The Department of Atomic Energy (DAE) (IAST: Paramāṇu Ūrjā Vibhāga) is a department with headquarters in Mumbai, Maharashtra, India. DAE was established in 1954 by a Presidential Order. DAE has been engaged in the development of nuclear power technology, applications of radiation technologies in the fields of agriculture, medicine, industry and basic research. DAE comprises five research centres, three industrial organisations, five public sector undertakings and three service organisations. It has under its aegis two boards for promoting and funding extramural research in nuclear and allied fields, mathematics and a national institute (deemed university). It also supports eight institutes of international repute engaged in research in basic sciences, astronomy, astrophysics, cancer research and education. It also has in its fold an educational society that provides educational facilities for children of DAE employees.
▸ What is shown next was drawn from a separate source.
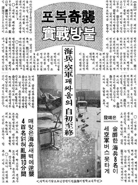 1966년 8월8일 해병대 장교들이 새벽에 공군 비행학교(현 제 5 공중기동비행단 및 김해국제공항)를 기습했다가 반격을 당해서 오히려 해병대가

The important programmes of the DAE are directed towards:

 Enhancing the share of nuclear power in the Power Sector by deployment of indigenous and other proven technologies, and to develop fast breeder reactors, as well as thorium-based reactors with associated fuel cycle facilities;
 Building and operating of research reactors for the production of radioisotopes, building other sources of radiation such as accelerators and lasers, and developing and deploying radiation technology applications in the fields of medicine, agriculture, industry and basic research.
 Developing advanced technologies such as accelerators, lasers, supercomputers, robotics, areas related to fusion research, strategic materials and instrumentation, and encouraging the transfer of technology to industry.
 Carrying out and supporting basic research in nuclear energy and related frontier areas of science; interaction with universities and academic institutions; support to research and development projects having a bearing on DAE’s programmes, and international cooperation in related advanced areas of research and contribution to national security.

Apex Board
 Atomic Energy Commission (AEC), Mumbai, Maharashtra

Regulatory Board and Organisation 
 Atomic Energy Regulatory Board (AERB), Mumbai, Maharashtra is given some regulation powers by AEC.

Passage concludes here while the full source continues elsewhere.